Only thing with me is i need milk for weeabix, and makes me feel and look bloated, oats i knock down with water in my shakes.


----------



## Scholar

> oats i knock down with water in my shakes


oats in the shake is abit hardcore for me mate


----------



## Rick89

I have 7-9 weetabix a time with whole milk love them, only thing is they digest quicker because there lower in fat than oats so get hungry faster.


----------



## Scholar

> I have 7-9 weetabix a time with whole milk


damn mate thats a large bowl of weetabix ha


----------



## Hendrix

Rick89 said:


> I have 7-9 weetabix a time with whole milk love them, only thing is they digest quicker because there lower in fat than oats so get hungry faster.


Jaysus, that is some bix mate.

Is that the oatabix ot weet?


----------



## Rick89

weetabix mate love them, do have a bloat on after it tho ha


----------



## Hendrix

Rick89 said:


> weetabix mate love them, do have a bloat on after it tho ha


Yeah mate I bet, I can live with a bit of bloat though like.


----------



## Rick89

hendrix said:


> Yeah mate I bet, I can live with a bit of bloat though like.

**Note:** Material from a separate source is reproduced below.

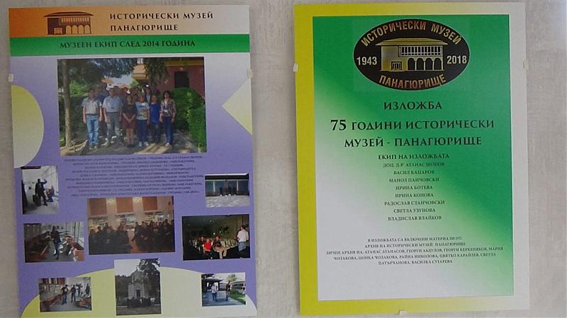 През 2018 г. се навършиха 75 години от създаването на Исторически музей – Панагюрище.По повод юбилея Исторически музей – Панагюрище създаде изложба, в която загатваме за всички епохи в развитието на институцията. Изложбата съдържа 41 табла, в които е събрана историята на панагюрския музей. С веществени материали – документи и награди представяме създаването, развитието и постиженията на музейната институция през годините.
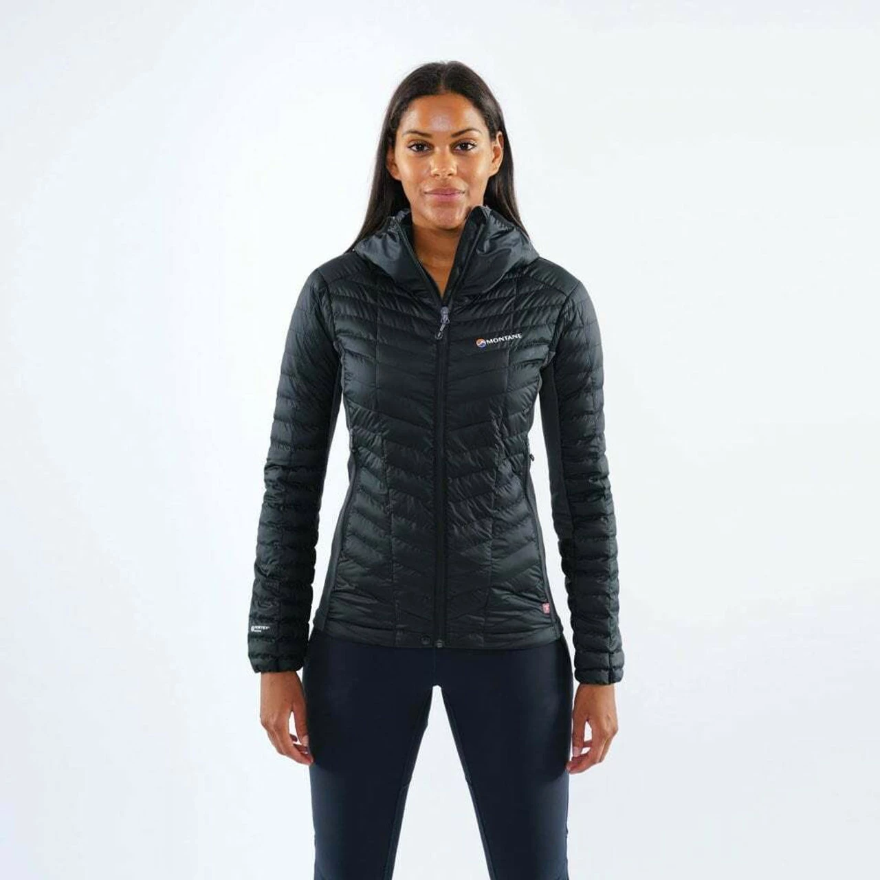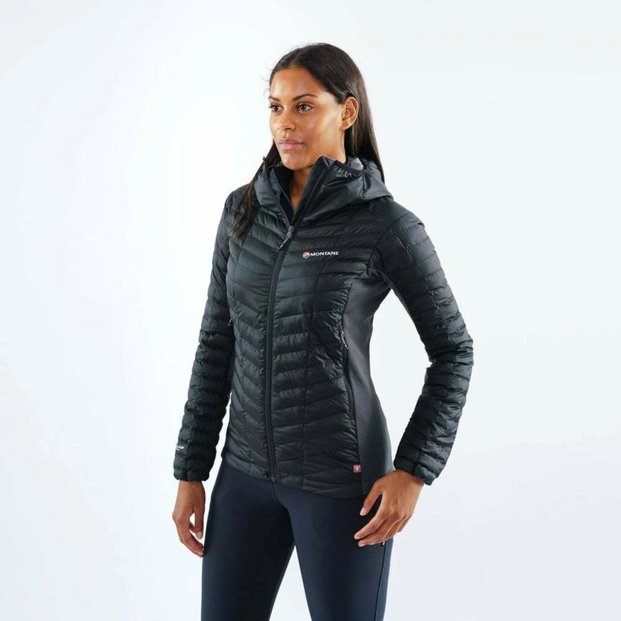 Montane’s Womens Phoenix Stretch Insulated Jacket uses a mix of PrimaLoft ThermoPlume Black and Silver to provide the warmth of down while its synthetic nature keeps you warm when wet unlike down. As the insulation is zoned it means that you benefit from warmth where its most needed while stretch fleece panels allow increased breathability and temperature regulation. The fit and design is all aimed at providing warmth for you when you are active so it is comfortable under a shell and works well when pulled out of your pack too.

Same here mate haha Im permanently bloated, foods my weakness lol


----------



## 24hourbulk

never thought about weetabix but dam there easi 2 eat , gonna try it out


----------



## Guest

24hourbulk said:


> never thought about weetabix but dam there easi 2 eat , gonna try it out


Same here think ill give them a bash also, trouble is the cost, surely there a little more expensive than porridge oats..


----------



## Rick89

tkd67 said:


> Same here think ill give them a bash also, trouble is the cost, surely there a little more expensive than porridge oats..

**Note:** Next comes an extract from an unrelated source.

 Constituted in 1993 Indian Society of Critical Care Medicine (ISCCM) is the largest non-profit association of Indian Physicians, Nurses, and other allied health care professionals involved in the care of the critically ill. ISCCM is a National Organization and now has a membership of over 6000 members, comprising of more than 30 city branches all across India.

cheap as chips mate, asda own weat biscks exactly same thing just asda own about 1.20 for pack of 60 i think, I go through loads


----------



## miggs

> Only thing with me is i need milk for weeabix' date=' and makes me feel and look bloated, oats i knock down with water in my shakes.[/quote']
> 
> That's the same with me, try soya milk also lower in sugars.. And tastes nice to


----------



## Fat

How can you not like oats? I use to love weetabix with loads of sugar :drool:


----------



## madmuscles

Regarding the stores own branded weetabix, has anyone else noticed that the genuine weetabix holds it's shape better then the stores own brands which seem to crumble into a flaky mess so instead of individual biscuits you just have a bag of crumbled weetabix? It's not a problem as it all goes the same way once you've mixed liquid with it but i just wondered if anyone else has observed this?


----------



## Greenspin

> Only thing with me is i need milk for weeabix' date=' and makes me feel and look bloated, oats i knock down with water in my shakes.[/quote']
> 
> I haven't read the other comments yet, so sorry if this has been mentioned.
> 
> JAY_JAY, try adding water, and then putting in a pan and heating for a sec. Makes them even sweeter than they already are. Nom Nom, reminds me of being a kid


----------



## stuart.s

used to eat weetabix every morning as they go down easy but the downside for me was they also came out far too easy!!! suffered for a long time before i fgured out it was the weetabix that was the culprits!!

so oats for me now


----------



## milzy

Rick89 said:


> I have 7-9 weetabix a time with whole milk love them, only thing is they digest quicker because there lower in fat than oats so get hungry faster.


LOL I'm just thinking of your **** break at work! Must fill the pot up high!


----------



## Rick89

madmuscles said:


> Regarding the stores own branded weetabix, has anyone else noticed that the genuine weetabix holds it's shape better then the stores own brands which seem to crumble into a flaky mess so instead of individual biscuits you just have a bag of crumbled weetabix? It's not a problem as it all goes the same way once you've mixed liquid with it but i just wondered if anyone else has observed this?


I had the opposite with mine to be honest had to use more milk to break it down as they were too dry the store own brans ( sunny bisk or somehting they were called )


----------



## Rick89

The only problem I find is they get digested way too quick even with milk, hungry an hour later


----------



## Glassback

Rick89 said:


> I have 7-9 weetabix a time with whole milk love them, only thing is they digest quicker because there lower in fat than oats so get hungry faster.


Rick you are a BEAST mate - I used to have 8 when I was tough and young, bow I have 4 to stop being a fatty ha! You are an actual monster - thats awesome.


----------